Shake Shack: Downward Reversion Could Be Ahead

Shake Shack (SHAK) operates a chain restaurant model that sells a range of popular fast foods.

The company has more than a hundred licensed outlets spanning across the United States and abroad. I am bearish on the stock.


Shake Shack CEO Randy Garutti himself claimed that the company is facing an uphill battle going into 2022, with rising input costs and uncertainty about cCOVID-19 policies causing potential wobbles.

According to Garutti, the COVID-19 pandemic policies pose a cyclical problem as workers are demanding significantly higher wages than they did pre-pandemic.

This could be problematic for a company that’s striving towards a cost-leadership strategy, especially if one considers its substantial “in-store” sales reliance.

It has to be considered that the economy moves in cycles, meaning that workers’ wage demands are likely transitory.
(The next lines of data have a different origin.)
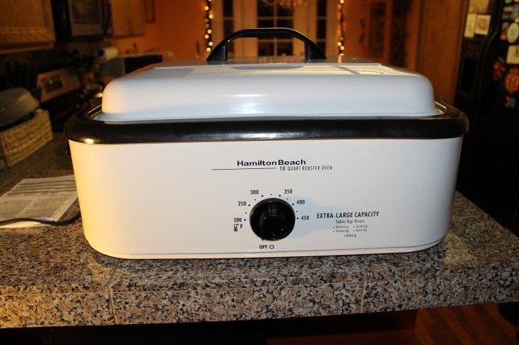 My mom gave me this years ago and while we have used it a few times, just by virtue of it’s size, it needs to be stored in an upper cabinet out of the way which means….it’s out of the way and we forget we have it! But it’s perfect for tomorrow. It will cook the turkey in almost half the time (it will be done faster than the green beans!) and it frees up the oven for other goodies. And since I only have one oven (grumble), I am very happy that I can use this, the crock pot for the beans, the stove for mashed potatoes and keep everything spread out nicely around the kitchen.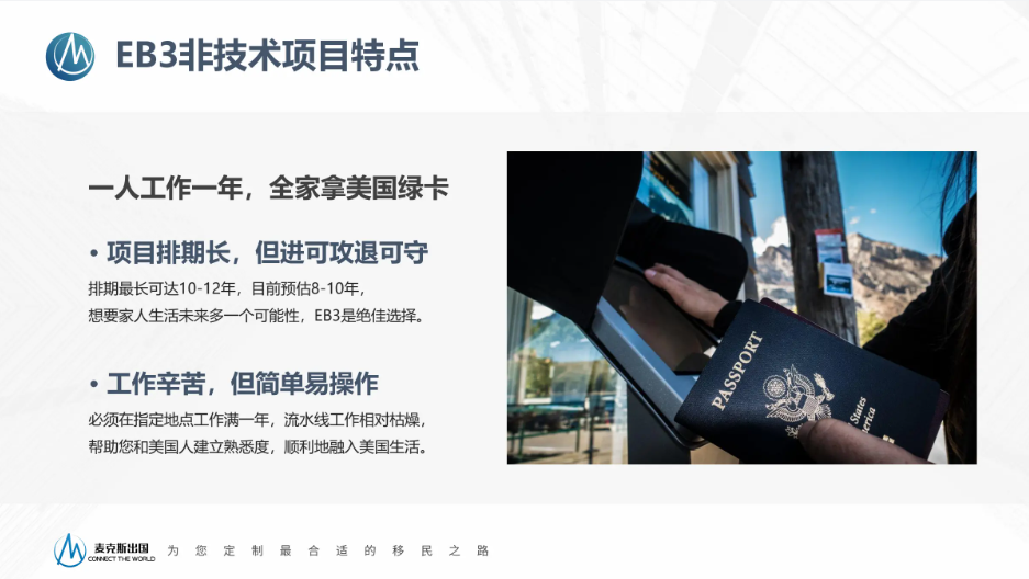 如果你不着急马上去国外的话,那就非常推荐EB3非技术项目了。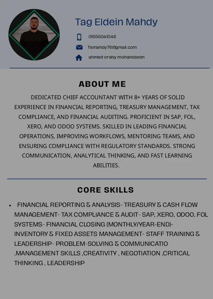 As a Accountant manager , I manage the financial operations of the company's branches, ensuring compliance with budget and tax regulations. I have over years of experience in this role, where I handle daily transactions, prepare half-yearly budgets, and follow up on banking and insurance transactions. I also Audit in planning and implementing audit assignments, preparing accounting data analysis, and reporting to CEO . I hold a Bachelor's degree in Foreign Major trading from Helwan University , which has enhanced my communication skills and cultural understanding. I am passionate about delivering accurate and timely financial information to support business decisions and growth.Doğum Tarihi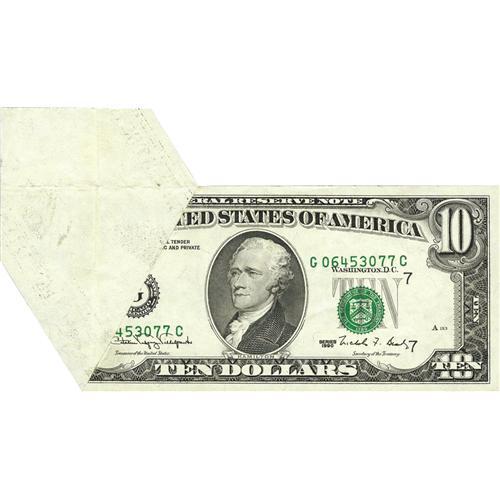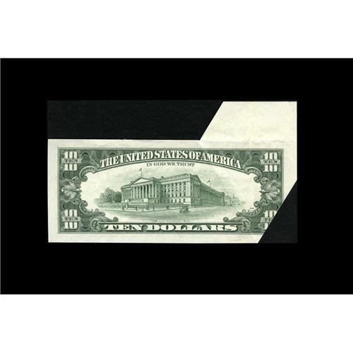 <B>Fr. 2029-G $10 1990 Federal Reserve Note. Crisp Uncirculated.</B></I><BR>This foldover error provides a huge blank area and some extra security strip. Also the third printing is a bit shifted. Since the only fold seen is across the top and done at the BEP we are assigning the new grade.

I had a look at Shake Shack’s EBITDA growth of 120.17% and thought to myself that wage demands alone shouldn’t be a life-changing event for the company, but it could still pose short-term threats to stock valuation.

Valuation Issues

The prevalent valuation concern stems from the stock’s forecasted price-to-book value versus its current price-to-book value. If you look at the current figure, you’ll see that it’s actually level with its five-year average, which may mislead most investors.

It’s only when you consider the divergence between the return on equity (ROE) and the required rate of return that you’ll notice the arbitrage.

Shake Shack’s ROE is projected to decrease by 63% over the next year, and its cost of capital has increased by 1.54 since 2020; these data points play a role in book value because the general rule is that higher ROE growth and reduced cost of capital increase a company’s book value, and Shake Shack’s inputs are currently trending the other way around.

Furthermore, the stock’s price-to-sales ratio is already overvalued by 6.17% relative to its five-year average, but again it’s only when we consider the forward-looking metrics when the concerns arise.

Shake Shack’s forward revenue growth forecast of 17.46% is 28.92% lower than its five-year average, and by combining this with the mentioned increase in the cost of capital, we’re looking at a significantly overvalued stock.

Wall Street’s Take

Turning to Wall Street, Shake Shack has a Hold consensus rating, based on four Buys, 11 Holds, and two Sells assigned in the past three months. The average Shake Shack price target of $88.13 implies 20.6% upside potential.


Although Shake Shack’s income statement growth is impressive, the market has gotten ahead of itself, and the stock is overpriced. I think we’ll see downward mean reversion for the stock this year amid a slight market correction within “wage sensitive companies” category.